Brief Fact Summary. The Plaintiff, Bak-A-Lum Corp. of America (Plaintiff), sued the Defendant, Alcoa Building Products, Inc. (Defendant), for damages resulting from the Defendant terminating its exclusive distributor agreement with the Plaintiff.
Synopsis of Rule of Law. In every contract, there is an “implied covenant of good faith and fair dealing,” which requires that neither party do anything to destroy or limit the right of the other party to collect under the contract.
The court held that the defendant's selfish withholding from plaintiff of its intention to seriously impair its distributorship, although knowing plaintiff was embarking on an investment substantially predicated upon its continuation constituted a breach of the implied covenant of dealing in good faith.View Full Point of Law
Issue. Does keeping secret the pending termination of an exclusive contract, while the other party enters into a long-term lease to maintain the contract, constitute a breach of the implied covenant of good faith and fair dealing?
Held. Yes.

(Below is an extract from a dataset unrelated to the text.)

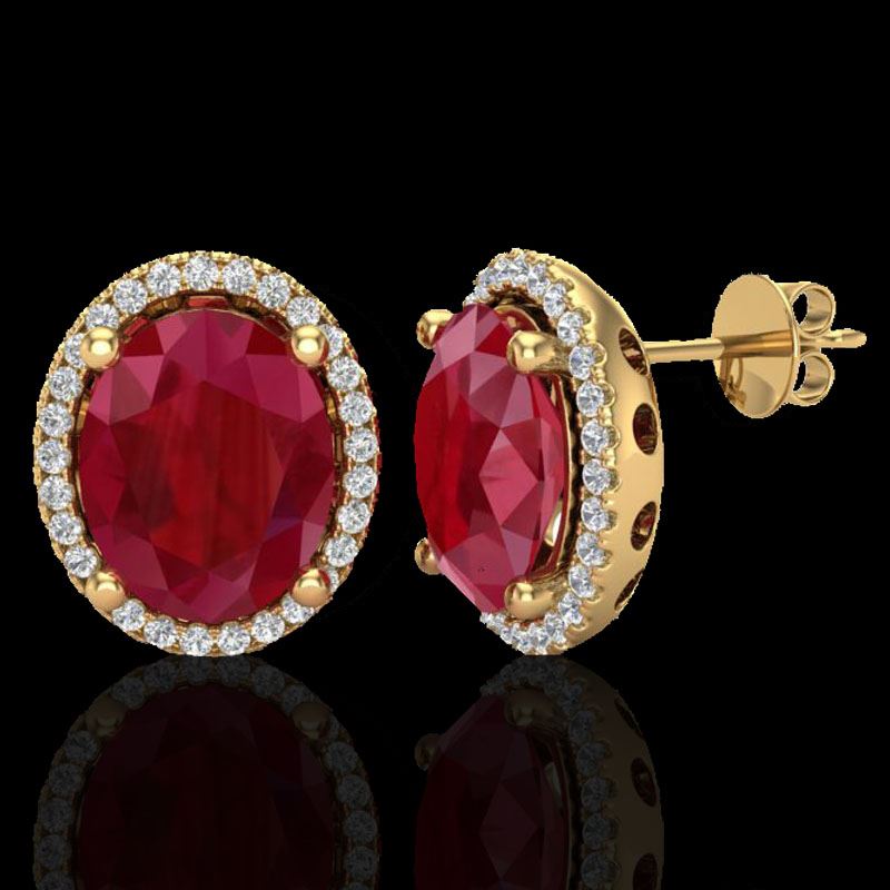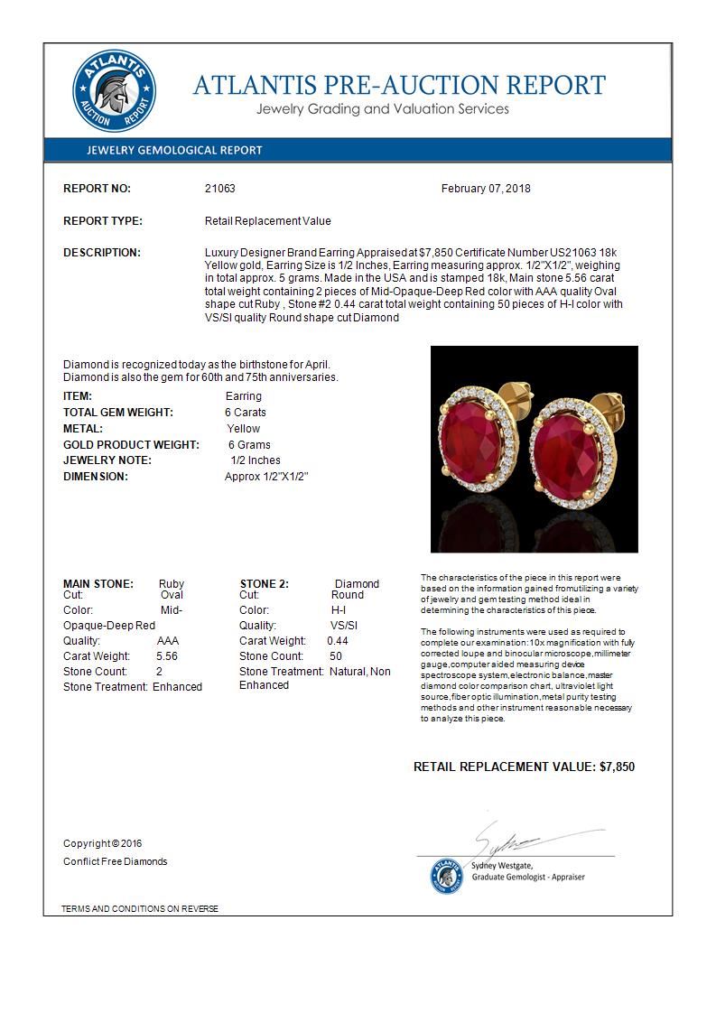REF-101K6W -21063 ---- 6 CTW Ruby & Micro Pave VS/SI Diamond Earrings Halo 18K Yellow Gold ---- Luxury Designer Brand Earring Appraised at $7,850 Certificate Number US21063 18k Yellow gold, Earring Size is 1/2 Inches, Earring measuring approx. 1/2"X1/2", weighing in total approx. 5 grams. Made in the USA and is stamped 18k, Main stone 5.56 carat total weight containing 2 pieces of Mid-Opaque-Deep Red color with AAA quality Oval shape cut Ruby , Stone #2 0.44 carat total weight containing 50 pieces of H-I color with VS/SI quality Round shape cut Diamond

Judgment affirmed with modified damages.
The period of time that had passed before termination was reasonable, but the amount of notice was not.
Defendant encouraged Plaintiff to expand its warehouse facilities, while concealing its intention to terminate its agreement. If Defendant’s intention had been communicated to Plaintiff, Plaintiff likely would not have signed the lease without getting certain assurances from Defendant.
Discussion. Defendant’s withholding of information from Plaintiff (i.e., that Defendant would be substantially limiting Plaintiff’s distributorship) was in bad faith and constituted a breach of the implied covenant of good faith. Accordingly, Defendant’s actions “must be given substantial weight in determining the reasonableness of notice of termination.”